While no nirsevimab resistance has been detected in RSV A strains, the emergence of resistant RSV B variants underlines the potential risk of reduced nirsevimab efficacy in the future. Nonetheless, current data indicate that this risk is extremely low and does not warrant the replacement of nirsevimab with alternative measures. This is further supported by epidemiological data showing that RSV A strains are generally more prevalent than RSV B strains across most regions and seasons [19].
To mitigate this risk, molecular surveillance is essential to detect and track resistant variants and to assess the role of nirsevimab-induced selective pressure. Meanwhile, the development of alternative monoclonal antibodies targeting different epitopes should continue.

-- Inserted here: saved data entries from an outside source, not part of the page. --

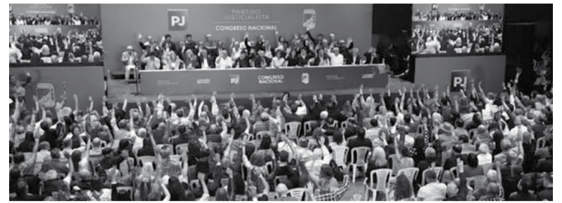
El Congreso del PJ reunido en el microestadio de Ferro. - x -

El partido realizó un Congreso nacional. Buscan sumar a sectores que se fueron.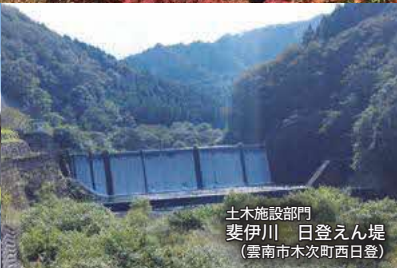
土木施設部門 斐伊川 日登えん堤 (雲南市木次町西日登)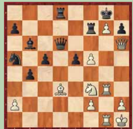
Primer 2: beli na potezi. Mat v 5.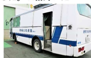
お越し頂いた巡回バス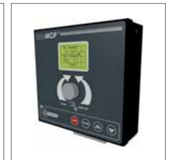
Centralina IdroMOP IdroMOP control panel Boîte IdroMOP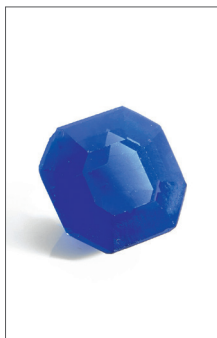
Saphir Cachemire Adjugé 53 000 € ttc (lot 77 du 15/10)

Alors que la SVV Aguttes confirme sa position de 4ème maison de vente française en 2015 (classement Figaro 18/12/15) avec un total adjugé de 41.5 Millions d'euros ttc, le département Bijoux et Horlogerie conforte sa progression et annonce un total de 5.3 Millions d'Euros ttc.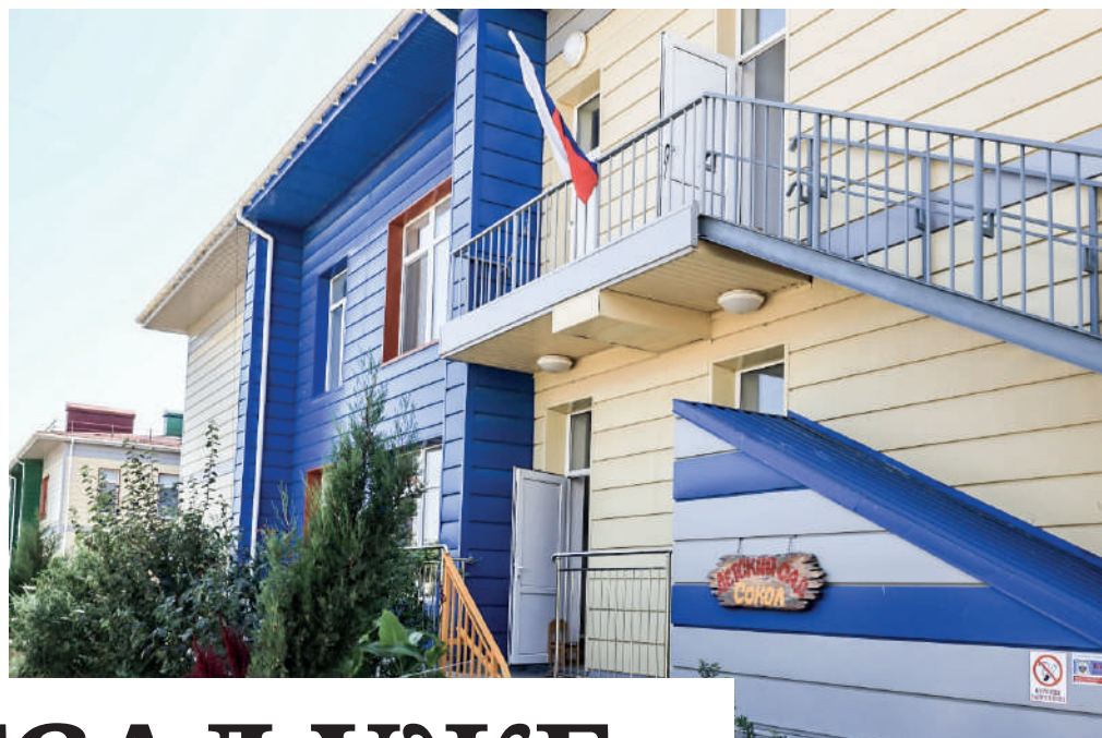
Более 300 детей посещают детский сад.

– Очень важно, чтобы не было резких перепадов между ночной и дневной температурами. При их наличии соцветие утрачивает декоративность,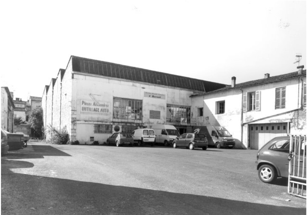
Vue d'ensemble prise du nord est.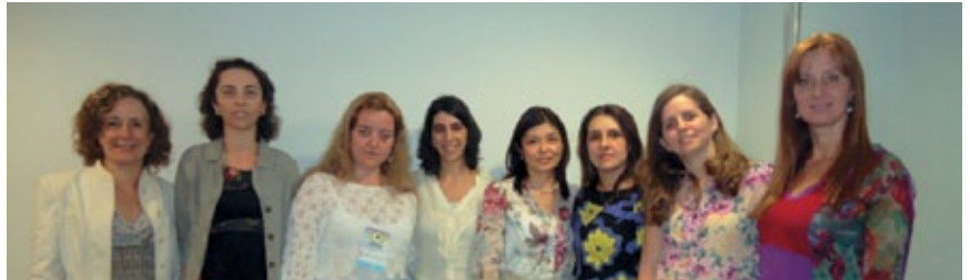
Diretoria eleita do CBOrt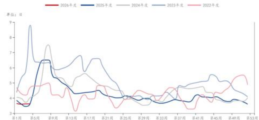
PTA: 厂内库存可用天数: 中国 (周)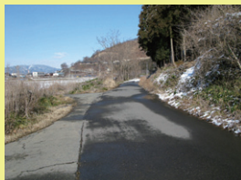
史跡大室古墳群に通じる現道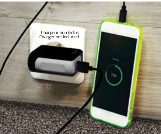
10 years warranty Garantie 10 ans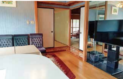
【特別室】和室2間+リビングルームの103㎡

3.2. New Monoclonal Antibodies Potentially Effective Against Nirsevimab-Resistant Strains

Clesrovimab, a long-acting monoclonal antibody targeting site IV of the RSV F protein, has shown promising results. Clinical trials in healthy preterm and term infants have demonstrated that clesrovimab reduced RSV-related acute respiratory infections by 50%, hospitalizations by 81.3%, and severe LRTIs by 91.7% [20] It can be administered using the same dose regardless of the child weight and has been recently approved for use in infants born during or entering their first RSV season [21].
Another potential candidate is 5B11, an antibody targeting a highly conserved, immunologically tolerant epitope within site V of the RSV F protein. In vitro, 5B11 demonstrated potent, balanced neutralization against both RSV A and B strains, including nirsevimab-resistant variants like B18537 [22]. In animal models, 5B11 outperformed nirsevimab in preventing infection [23]. However, further studies are needed to evaluate its safety, tolerability, and efficacy in children before it can be considered for clinical use.
Similar considerations apply to TNM001 (trinomab), which targets the RSV pre-F protein and is currently being assessed in a Phase III clinical trial (NCT06083623) involving preterm and term infants during their first RSV season.

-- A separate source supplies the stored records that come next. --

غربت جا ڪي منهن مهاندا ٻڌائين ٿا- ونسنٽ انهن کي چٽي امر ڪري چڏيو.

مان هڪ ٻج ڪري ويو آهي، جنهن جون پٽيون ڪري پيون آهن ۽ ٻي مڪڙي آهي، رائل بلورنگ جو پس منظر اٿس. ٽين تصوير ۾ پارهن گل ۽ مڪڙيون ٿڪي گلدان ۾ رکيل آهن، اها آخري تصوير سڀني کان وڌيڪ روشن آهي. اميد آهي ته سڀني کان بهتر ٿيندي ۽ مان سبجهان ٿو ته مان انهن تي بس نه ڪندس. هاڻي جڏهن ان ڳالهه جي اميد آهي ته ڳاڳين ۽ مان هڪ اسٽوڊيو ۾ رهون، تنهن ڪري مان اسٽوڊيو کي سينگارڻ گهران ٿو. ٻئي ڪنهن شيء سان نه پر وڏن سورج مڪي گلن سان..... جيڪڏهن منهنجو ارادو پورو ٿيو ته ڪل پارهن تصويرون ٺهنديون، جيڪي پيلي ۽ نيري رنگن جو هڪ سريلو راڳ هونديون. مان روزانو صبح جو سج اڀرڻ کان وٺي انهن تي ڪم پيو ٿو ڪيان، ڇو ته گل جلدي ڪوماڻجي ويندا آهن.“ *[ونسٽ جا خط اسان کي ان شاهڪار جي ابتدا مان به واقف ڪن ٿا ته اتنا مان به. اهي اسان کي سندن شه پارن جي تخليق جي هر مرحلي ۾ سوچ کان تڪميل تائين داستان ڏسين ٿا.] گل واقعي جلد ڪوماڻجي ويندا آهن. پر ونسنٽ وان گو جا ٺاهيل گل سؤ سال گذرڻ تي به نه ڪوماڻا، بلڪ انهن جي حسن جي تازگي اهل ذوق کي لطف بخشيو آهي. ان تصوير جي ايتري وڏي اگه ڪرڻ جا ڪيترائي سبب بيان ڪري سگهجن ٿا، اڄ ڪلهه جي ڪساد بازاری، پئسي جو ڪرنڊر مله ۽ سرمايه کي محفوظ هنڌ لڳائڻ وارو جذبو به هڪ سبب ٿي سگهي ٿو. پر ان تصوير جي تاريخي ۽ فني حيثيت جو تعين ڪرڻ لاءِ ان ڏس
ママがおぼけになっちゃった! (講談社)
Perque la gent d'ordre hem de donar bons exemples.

3.3. Production of Antidrug Antibodies and Increased Antibody Clearance

Some children receiving nirsevimab have been found to develop antidrug antibodies (ADAs). While ADAs have shown minimal effects on nirsevimab pharmacokinetics and no significant impact on safety, their clinical relevance warrants further investigation. At 151 days post-administration, neutralizing antibody concentrations in ADA-positive children were comparable to levels associated with protection against severe RSV infection [24]. However, approximately one year after immunization, NS levels in ADA-positive children were lower than in those without ADAs [24]. This observation suggests that ADAs may reduce the efficacy of a second nirsevimab dose, which is recommended for high-risk children prior to their second RSV season.
In addition, increased nirsevimab clearance has been reported in a small number of children with underlying conditions that may cause protein loss. In these cases, nirsevimab serum concentrations were lower than in healthy controls, although still within a range likely to support protective efficacy [25]. However, due to the limited number of subjects studied, definitive conclusions cannot yet be drawn, and the influence of specific underlying conditions remains unclear.

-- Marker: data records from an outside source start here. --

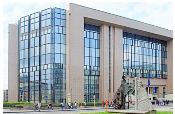
Das Justus-Lipsius-Gebäude in Brüssel, besser bekannt als der Sitz des Ministerrates der Europäischen Union.

Stärkung des Außenhandels: Das "Achtzehnmonatsprogramm" zielt auf die Sicherung und Ausweitung des Europäischen Raums der Sicherheit und Stabilität, die Fortentwicklung der Europäischen Nachbarschaftspolitik und die Stärkung der transatlantischen Beziehungen sowie den Ausbau strategischer Partnerschaften ab.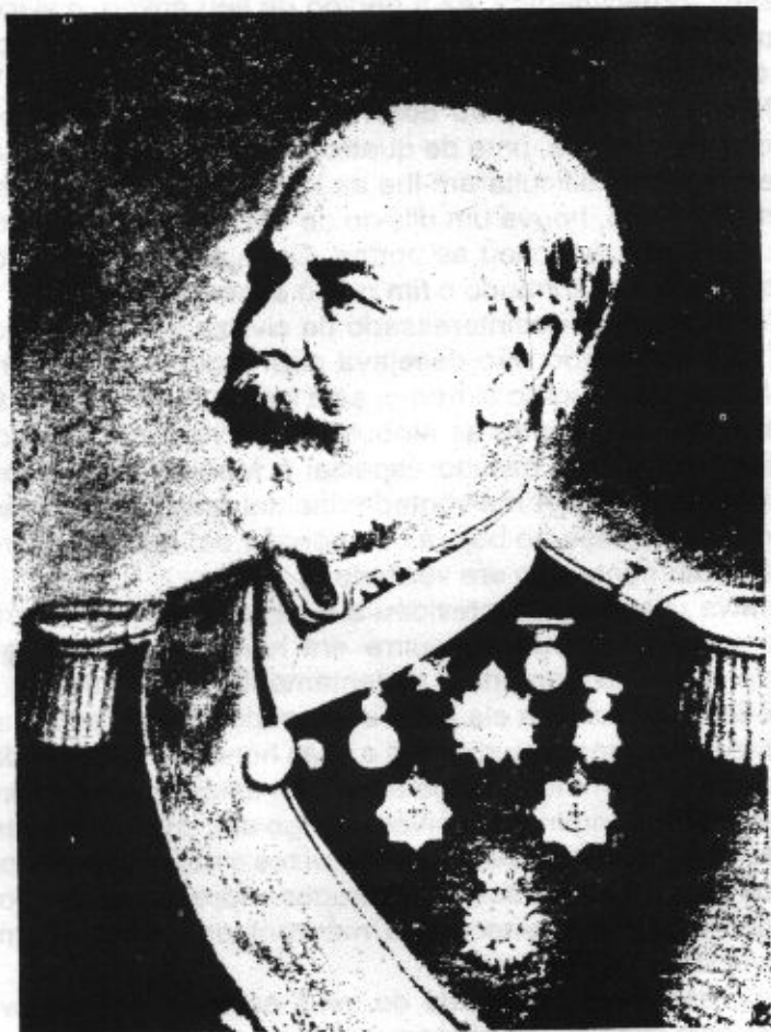
General Osório, marquês de Herval

A 2 de dezembro de 1864, o visconde do Rio Branco substituiu o conselheiro Saraiva no Prata. A incógnita que existia por trás do governo de Aguirre era o Paraguai. Daí os desafios ao Brasil. Logo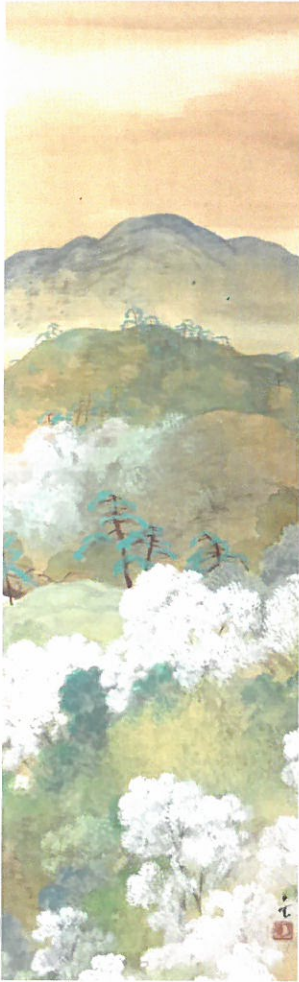
森月城「吉野山(仮題)」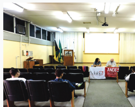
Assembleias Setoriais em João Monlevade, Mariana e Ouro Preto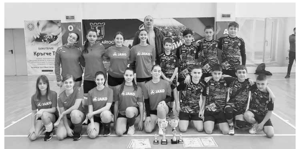
Следващият етап за ботевци са Областните игри в Бургас

3.4. Development of Vaccine-Associated Enhanced Disease (VAED)

To extend nirsevimab’s half-life and provide season-long protection with a single dose, the antibody was engineered with a triple amino acid substitution (M252Y/S254T/T256E) in its Fc region. This modification enhances binding to the neonatal Fc receptor (FcRn), increasing recycling and preventing degradation. Consequently, the half-life of nirsevimab in healthy late-preterm and term infants has been extended from 21–28 days to approximately 70 days, enabling effective prophylaxis throughout a full RSV season with one intramuscular injection [26].
Clinical trials and post-marketing studies have confirmed that nirsevimab is generally safe and well tolerated [27]. Nonetheless, some concerns have been raised regarding its potential to cause vaccine-associated enhanced disease (VAED). Banoun [28], reviewing clinical and preclinical data, argued that, while rare, NS might theoretically exacerbate RSV infection in some cases through VAED mechanisms. These mechanisms involve interactions between the Fc region of antibodies and cellular receptors or the complement system, potentially facilitating viral entry and inflammation.
Although nirsevimab primarily acts through direct viral neutralization, its Fc fragment may still mediate other effector functions, such as antibody-dependent neutrophil phagocytosis (ADNP), cellular phagocytosis (ADCP), complement deposition (ADCD), and cellular cytotoxicity (ADCC), which could influence outcomes [29]. At sub-neutralizing concentrations, these mechanisms might theoretically promote viral entry and inflammation, leading to severe disease [30].
Support for this concern includes clinical observations suggesting more-severe RSV cases in immunized children, as well as a temporal association between nirsevimab immunization campaigns and a notable increase in neonatal mortality within the 2–6-day age group in France, particularly during the period of RSV circulation. However, early VAED cases might have gone undetected, as some post-marketing studies excluded neonates hospitalized shortly after vaccination, when nirsevimab concentrations might still be below protective levels [31].
Nevertheless, no VAED cases have been reported in preclinical, clinical, or post-marketing studies involving nirsevimab. Laboratory comparisons of nirsevimab and palivizumab revealed similar levels of Fc effector activity (ADNP, ADCP, and ADCD), and lower ADCC activity for nirsevimab (yet still significantly above the baseline). Palivizumab has been used for over 25 years with an excellent safety record and no known association with VAED [32,33]. Given the similarity in Fc-mediated effects between nirsevimab and palivizumab, the risk of VAED with nirsevimab appears to be minimal.
Despite this reassuring data, ongoing pharmacovigilance and close monitoring of immunized children, particularly during their first and second RSV seasons, remain essential to definitively exclude the occurrence of VADE-related complications.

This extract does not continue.